There are likely to be lingering impacts of both the behavioral changes and the economic downturn brought on by COVID-19. Car purchases dropped significantly as, like all other non-essential services, car dealerships were shuttered. Sales have begun to regain steam but remain below pre-COVID levels, and they may be slow to recover due to the economy’s shrinkage and the population’s reduced disposable income. This is likely to slow the overall uptake of electric vehicles (EVs) in the near-term; however, it is unlikely to decrease the percentage that EV sales represent out of total vehicle sales. This figure was about 3% in Canada in 2019 and had spiked up to almost 6% in March 202013. Car sharing saw detrimental impacts during the lockdown as well, but the sector is likely to have a strong rebound as general mobility increases and many new users who changed out trips on public transit for car share trips continue their newly acquired memberships. Ride hailing services are also likely to resume the growth that they had experienced over the last several years once mobility returns.
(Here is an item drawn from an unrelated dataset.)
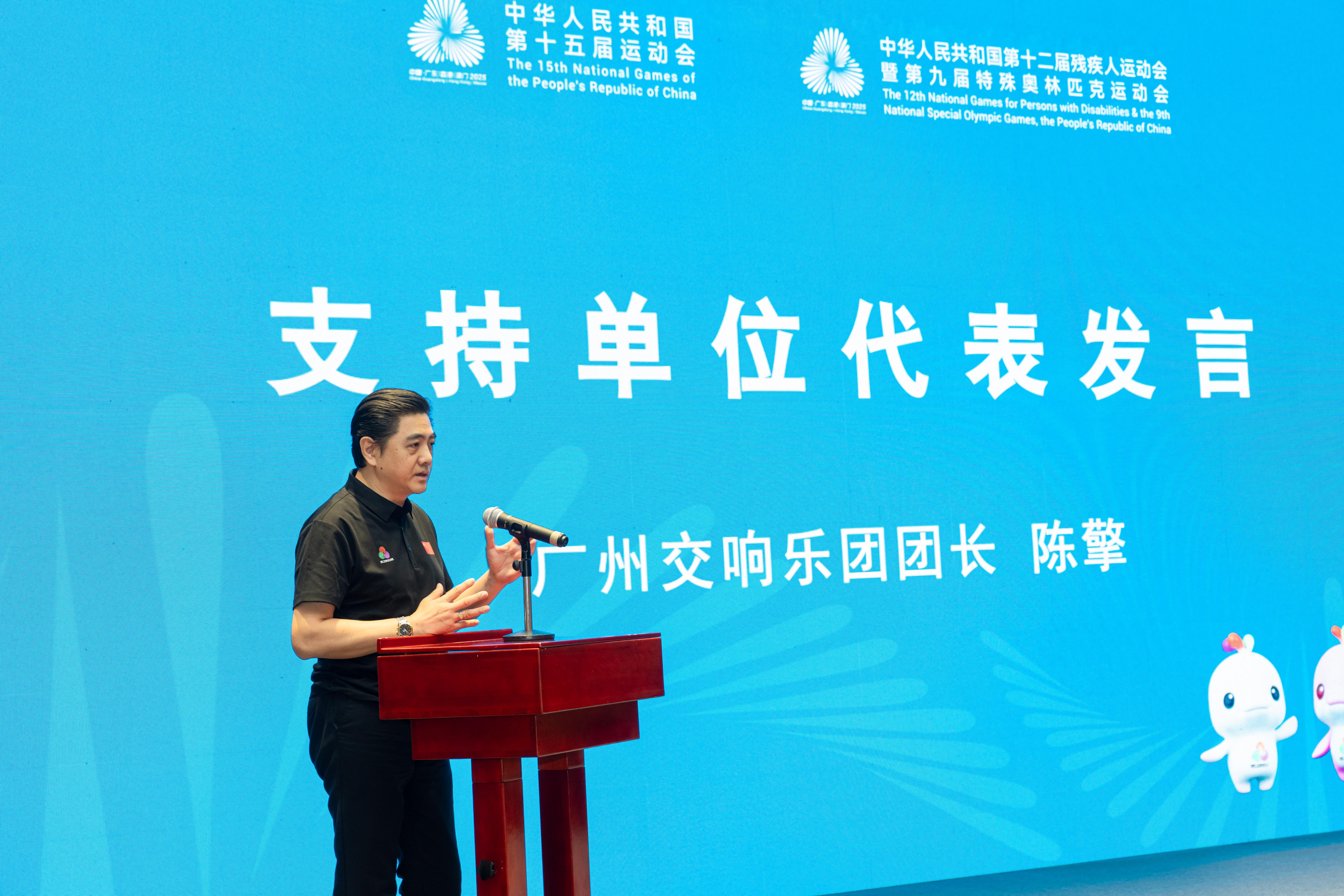 作为贡献单位代表,广州交响乐团团长陈擎在发言中表示,能以其艺术资源为国家级体育盛会贡献力量倍感荣幸,各支持单位通力合作,共同为赛会注入了丰沛而优质的声音能量。陈擎认为,体育赛事是广东文化艺术成果很好的展示平台。

Although air travel is not part of urban mobility per se, along with public transit, commercial aviation has been among the modes of transportation most adversely affected by COVID-19. Commercial flight activity had decreased by 75% below 2019 levels by mid-April 20205. It also may be among the sectors that sees more permanence to the impacts. Flight activity will almost certainly return to levels higher than those seen today. However, the pandemic may have accelerated the movement away from air travel for business, enabled by the proliferation of video conferencing14. Leisure air travel may see a similar deceleration, as the social trend known as flygskam permeates in Europe and elsewhere. This translates from Swedish as “flight shame” and refers to a movement to avoid air travel because of its carbon intensity15. These remain relatively nascent trends but have the capacity to take greater root in societal norms over time.

What’s next?

If there is anything that 2020 has reminded the world, it is that the answer to that question is: no one knows. However, we can hypothesize that the mobility space is likely to continue in its current distorted form until virus fears are assuaged by a vaccine. The scientific community’s best estimate is that this reality remains several months away, at best. Once society is no longer discouraged from being mobile, we can begin to take note of the long-term consequences. Public transit is surely not doomed to see the current reduced levels of ridership in the long term; the growth of cycling and decreased air travel may have seen temporary spikes but could be signs of tendencies that are here to stay. The most likely outcome seems to be both a reversion towards the pre-COVID mean and an acceleration of trends that had already been in place.

Author: Saul Muskin, Analyst @ MacKinnon, Bennett & Company Inc.